• [Stored data]:
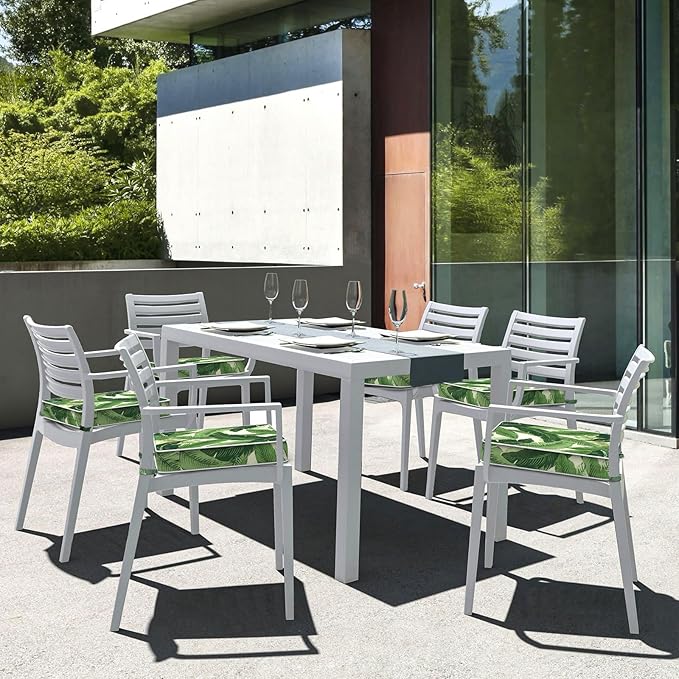 LVTXIII Patio Chair Cushions 19"x19"x3", Water-Repellent Outdoor Seat Cushions for Patio Furniture, Square Chair Pads with Ties for Home Garden Decoration, Set of 2, Swaying Palms Green
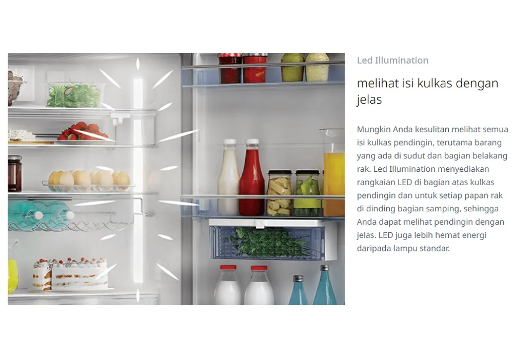 Mungkin Anda kesulitan melihat semua isi kulkas pendingin, terutama barang yang ada di sudut dan bagian belakang rak. Led Illumination menyediakan rangkaian LED di bagian atas kulkas pendingin dan untuk setiap papan rak di dinding bagian samping, sehingga Anda dapat melihat pendingin dengan jelas. LED juga lebih hemat energi daripada lampu standar.
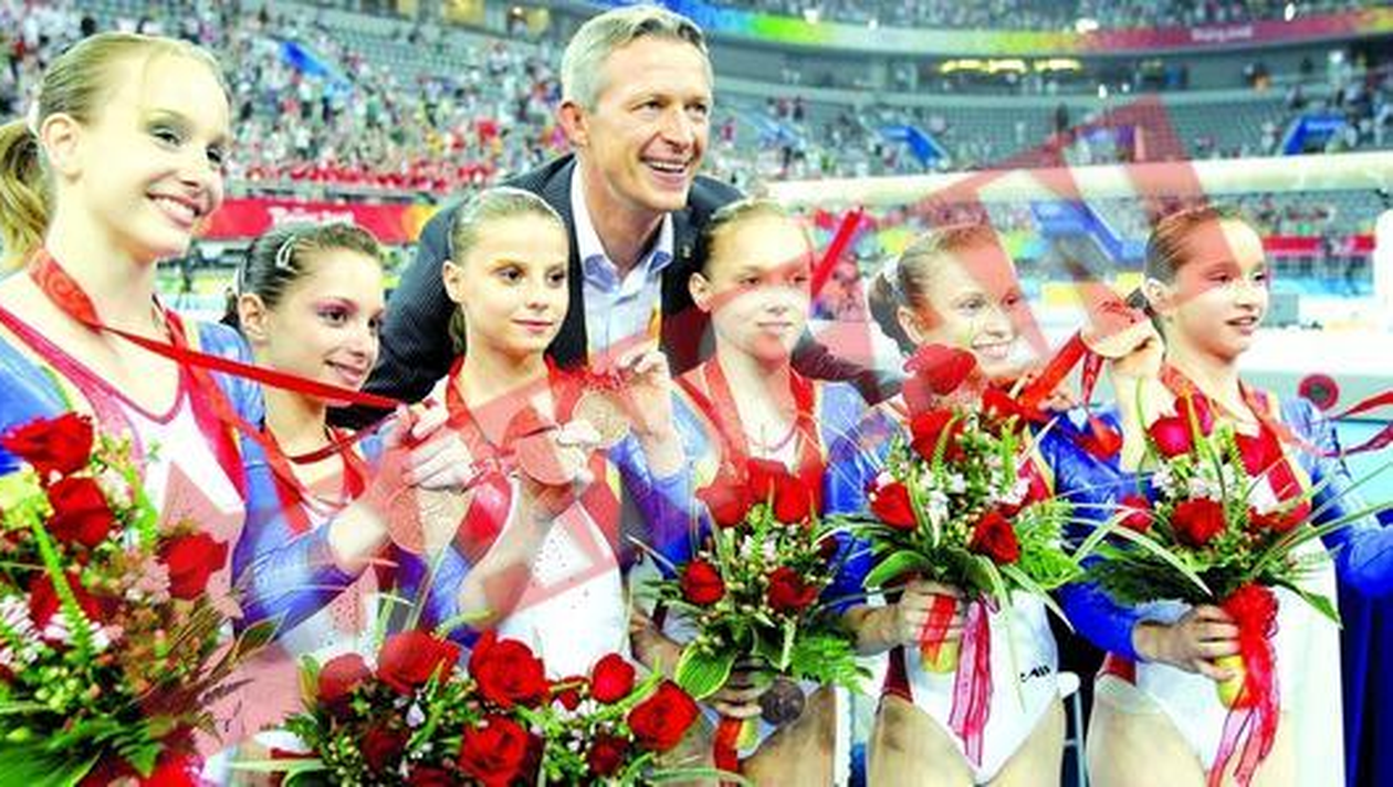 INIMOASE. Micutele gimnaste pozeaza fericite sub aripile protectoare ale sefului COSR, Octavian Morariu Continuitate. Lasand deoparte conglomeratul numit URSS, Romania e singura tara care a ramas de peste trei decenii in fruntea ierarhiei celor cinci cercuri George-Mihail Parvan Pentru cei care erau obisnuiti sa trateze segmentul feminin al gimnasticii romanesti drept „closca cu puii de aur” e momentul sa deschida ochii si sa revina la realitate. China, SUA si Rusia au potential uman, rezervoare de talente incomensurabil mai mari decat noi. Pentru echipa Romaniei, formata din Sandra Izbasa, Steliana Nistor, Gabriela Dragoi, Anamaria Tamarjan, Andreea Acatrinei si Andreea Grigore, cucerirea medaliilor de bronz a fost o reala performanta. China si SUA au fost net superioare, aceeasi diferenta existand, nota bene, si-ntre echipa Romaniei si cea a Rusiei. Felicitand sportivele si colectivul de antrenori condus de Nicolae Forminte, sa amintim ca Romania n-a avut o echipa normala la competitiile majore din ultimii doi ani. Urmeaza concursurile pe aparate, unde Sandra Izbasa are sanse mari la paralele, iar Marian Dragulescu la sarituri si la sol. Posibile si atat de dorite trei medalii de aur.

• [Your objective]: Without the pictures, return the listing above from its first line through the line that has "Mungkin Anda kesulitan".

• [Output below]:
 LVTXIII Patio Chair Cushions 19"x19"x3", Water-Repellent Outdoor Seat Cushions for Patio Furniture, Square Chair Pads with Ties for Home Garden Decoration, Set of 2, Swaying Palms Green
 Mungkin Anda kesulitan melihat semua isi kulkas pendingin, terutama barang yang ada di sudut dan bagian belakang rak. Led Illumination menyediakan rangkaian LED di bagian atas kulkas pendingin dan untuk setiap papan rak di dinding bagian samping, sehingga Anda dapat melihat pendingin dengan jelas. LED juga lebih hemat energi daripada lampu standar.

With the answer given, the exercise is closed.